“If you want to turn a man into a nobody, all you have to do is just consider his work as useless”
-Fëdor Dostoevskij
Already in the 19th Century, as the Russian writer Dostoevsky’s words prove, the idea that an individual was worth more or less than another depending on the job they did, and thus, on the basis of their own socio-economic situation, resulted to be preeminent and deeply rooted within the materialistic perspective of the time.
Nowadays nothing has changed, and there is perhaps rather an accentuation of such phenomenon, despite being disguised within comforting palliative-images of a sparkling present, in which everything seems possible. A world not so far from the one created by Fitzgerald within The Great Gatsby’s novel, where as inside a big party [people] came and went, like moths, among the whisperings and the champagne and the stars ( The Great Gatsby, Chap. III).

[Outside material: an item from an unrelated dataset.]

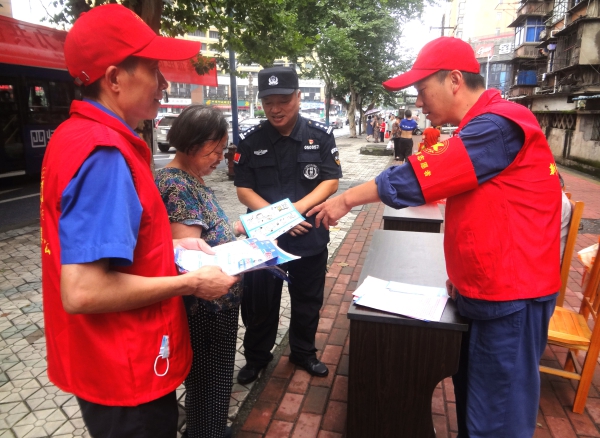 圖為志愿者在社區(qū)發(fā)放防詐騙小冊子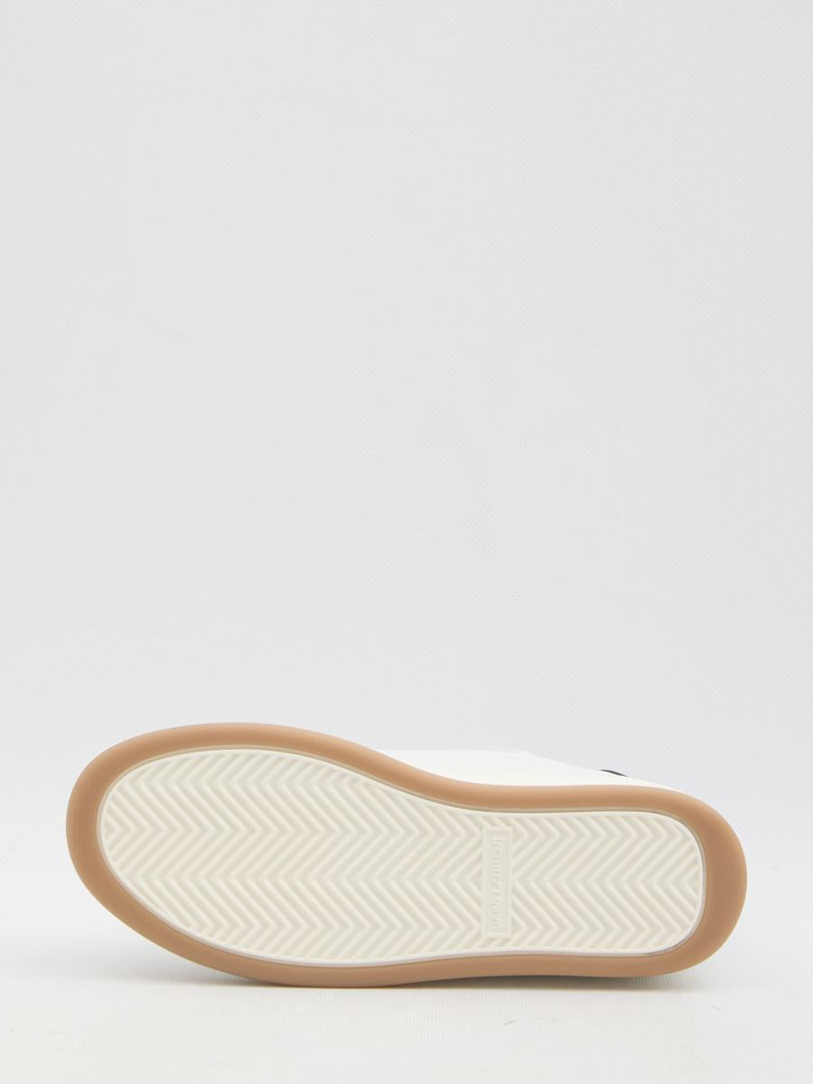 SL/61 low-top sneakers in smooth white leather. They feature a round toe, lace-up closure, gold-engraved logo on the side, logo on the tongue, black leather heel tab with gold-engraved logo on the back, branded insole, and rubber sole. Dust bag and additional laces included. Any imperfections in the leather are not defects but a characteristic of the material.

Today’s reality appears to us likewise, for it is always so much blurred by the blinding colours of social media, which tends to show us only the positive and halcyon facets of our existences, by completely, or nearly, eclipsing the instead more painful and miserable ones. Furthermore, it contributes to the creation of standards of various types, from the esthetic ones to the purely economic ones, which result to be highly dangerous to the mental health, especially of youngsters and teenagers.

How many times were you told: Are you good enough?
The point is: who is to determine how good you need to be in order to actually be good enough? And who decided that a good enough standard must exist? Why should everything be necessarily compared with something else? Why if you don’t conform with standards, are you to be seen as a loser?
Hence my conundrum!

I say ENOUGH!
I reckon that it is essential instead, that all our energies and our time are both steered towards something that could not only provide us useful stimuli to become better people, but also that could make us happy.
Loving yourselves is no crime at all, but rather, taking care of yourselves is the greatest act of love that each one of us can do both in our regards and towards the others.
We should perhaps listen to the words uttered by the beloved American First Lady Eleanor Roosevelt, as she were to respond to some critics: no one can make you feel inferior without your consent.
Never ever let anyone make you feel less of what you are. Know your value. Each one of us has their own. Beauty resides within these diverse shades that make each one of us unique and unrepeatable.